The most notable change is the now fully constructed and landscaped Cache County Convention Center. The first year I attended the fair, a series of different buildings housed exhibits like art, handicrafts, floral displays, and baked goods. The buildings were all dated and in need of repair. And none of them had air conditioning.
As an exhibitor, I not only had to negotiate the different entry times for various exhibits, but I had to find the right locations in the correct building. Pushing a stroller bursting with kids and pulling a wagon overflowing with garden produce from one spot to another was frustrating.
The older process of entering exhibits was only slightly more soul-crushing than the process of viewing exhibits. Going building to building and waiting in lines to see exhibits was challenging for me with my young kids. I considered it a victory if we could exit each building with the same number of children we brought in. Enjoying the displays seemed impossible.
With the convention center that has changed. The well lit, open convention center houses all the exhibits under one convenient roof. Air conditioning, clean restrooms and close water fountains make the building a welcome change from the previous fair format. The atmosphere is inviting and allows fairgoers to take their time through the exhibits without melting in the heat. And since the building houses all the exhibits together, I can linger by the art while the kids inspect the hobby creations.

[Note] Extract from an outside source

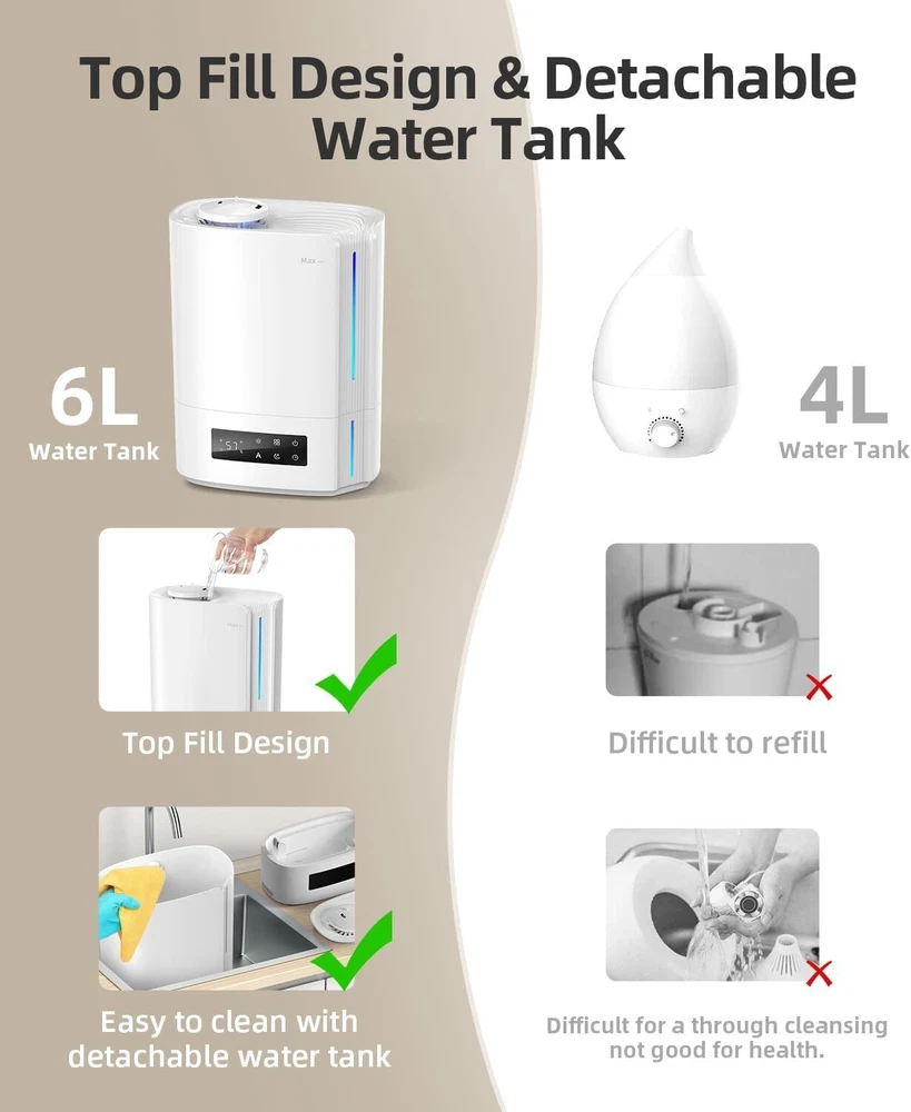 Product Description 6L Humidifiers for Bedroom Large Room & Essential Oil Diffuser, Ultrasonic Top Fill Cool Mist Humidifiers for Baby, Plants, Nursery Last up to 60 Hours, Smart Humidistat Control, Quiet, White POWERFUL HUMIDIFICATION, PERFECT FOR BEDROOM & BABY ROOM: Our ultrasonic humidifier has a 6L (1.6 gallon) large tank that works great in large rooms up to 500 sq feet. It allows a long lasting humidification for up to 60 hours. DIFFUSER & HUMIDIFIER 2 IN 1: Add your favourite essential oils to the built-in aromatherapy tray, the cool mist humidifier can mix your favourite aroma with the moist air and fill your room with relaxing aroma. AUTOMATICALLY CONTROL THE HUMIDITY LEVEL: Our humidifiers for bedroom is designed with a intelligent humidistat which helps to maintain the pre-set humidity level and allows you to check the real time humidity level. Just setup your preferred humidity level and let our humidifier do the rest. CONVENIENT TOP FILL DESIGN: Easily clean the water tank under running water with a detachable tank. It’s never been easier to maintain water in the tank. Just open the lid and directly add water into the working humidifier. WHISPER-QUIET & SAFE: Designed with a quiet sleep mode, our humidifier can work in low noise to protect your undisturbed good sleep. It would automatically shut off when water runs out. Safe for you and your whole family. About Us We are a reputable seller with many years of experience selling on eBay. Our goal is to provide high-quality products and excellent customer service. Shipping Items will be shipped within 1-3 business days when we received payment. (Orders are not processed on weekends & holidays) Tracking information will be sent once item is shipped. Delivery time depends on destination and other factors Item is shipped to ebay address. Leaving correct address can minimize delay. For international shipping and shipping to Guam, Hawaii and Alaska, Please contact us before placing the order. International buyers please note: Import duties, taxes and charges are not included in the item price or shipping charges. These charges are buyer’s responsibility. We will try our best to reduce the risk of the custom duties. Local pick-up is unavailable at the moment. Contact Us We reply any email messages within 1 business / working days(off-duty at weekend). If you do not get a response from us, then please check your junk or spam mailbox. Our Business hours: Mon-Fri 9:00-18:00, UTC/GMT +8 hours. Please contact us either by clicking "contact seller" in the "purchase history" section or simply click "ask a question" at the bottom of this page. If you are unsatisfied with our item or service, please contact us before leaving any feedback. We are committed to resolve all issues in a friendly and satisfactory manner.

The paperwork to enter the fair has been simplified, too. Last year, fair organizers began taking online registrations. The practice has expanded since then. Throughout July, organizers sent email reminders to fair exhibitors to register their entries online prior to coming to the fairgrounds. That little change makes a huge difference.
Where exhibitors used to write out entries longhand on separate pages, now the process has been digitized. Each family sets up an account and registers participants. Then participants can select from multiple exhibition options. Instead of the hours-long filling out of twenty-some-odd forms by hand, I sat down at a computer and finished all of my family’s entries within minutes. Since I was able to do that at home, none of my children got lost on the fairgrounds in the meantime. Win!

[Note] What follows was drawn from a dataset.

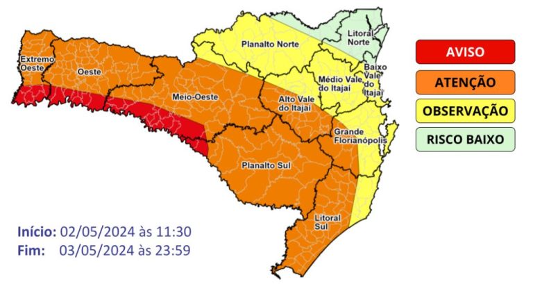 Nesta sexta-feira (03), a frente fria, agora associada a um sistema de baixa pressão no Paraguai, mantém o tempo instável e com chuva em SC, que permanece…

Those who aren’t tech savvy need not fear. They can bring their hand-knitted doilies to the fair organizers, where several computers and volunteers are on hand at check-in. Those who don’t have internet access at home or who didn’t register beforehand can sit in a comfortable chair across from a friendly volunteer and log their entries. Once entries are submitted online, tags are printed for each entry, making the tags uniform, easy to read, and easy to judge correctly.

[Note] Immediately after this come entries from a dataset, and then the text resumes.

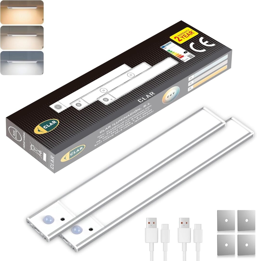 Clar – Luz Armario Sensor Movimento, Luz Led Armario, Luces Armarios Con Sensor Sen Cable, Luces LED Armario, Luces para Armarios Interiores, Luz LED Magnética Con sensor de Movimento, 30 cm (paquete 2)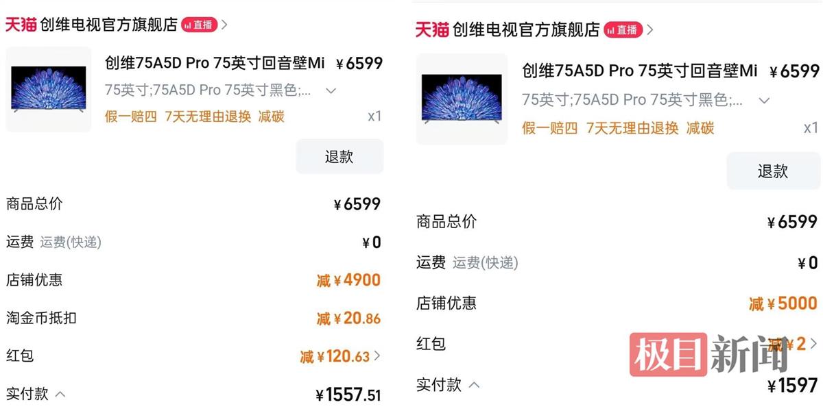 根据李先生提供的购物截图,极目新闻记者看到,这两台电视型号相同,也都是75英寸,原价6599元。使用了包括“满5000减4000”元优惠券在内,李先生还叠加了平台其他满减优惠,两台电视最终实付款金额分别为1557.51元和1597元。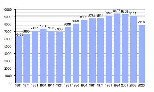 | Gráfica de evolución demográfica de Ferrandina entre 1861 y 2023 |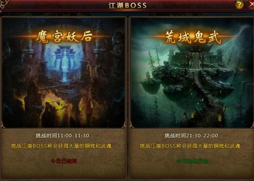 在每天11:00—11:30;21:30—22:30,侠士可进入特定的副本攻打江湖boss。

But even with the improvements, to me the heart of the fair is the opportunity it gives for the community to gather. At the fair, we celebrate the different and beautiful things hard work can produce. We even put pretty ribbons on the best work so everyone knows how special it is.
Small as they may seem, those opportunities are not wasted on younger exhibitors. My daughters first year after we moved to Cache Valley was rough, to say the least. Struggling with a learning disability made it infinitely challenging for her to catch up to her classmates. Her relief from the storm of her life was art. She drew out her frustrations and painted away her discouragements.
That summer she entered a self-portrait in the fair. It was the first time she entered a contest. She looked through the other paintings on display and left the art building with slouched shoulders. She didn’t think her contribution meant anything to anyone.
By some tender act of kindness, the artists voted her portrait as the people’s choice award recipient that year. To her delight, a violet rosette accompanied the award. When she saw the award, her smile returned and she exclaimed, “They like me for what I am!”
Four years later, the rosette hangs above her bed. To me, it’s a reminder that community is not just a place where we reside, it is where we learn to really live.
Looking over the hand-stitched quilts and carefully preserved goods at the fair, I feel thankful to dwell among good, hardworking people. My meager entries will sit alongside theirs in hopes of garnishing colored ribbons. But in the end, it isn’t the ribbons we are most proud of. We are proud to be learning and living the traditions of the West. That’s something worth preserving.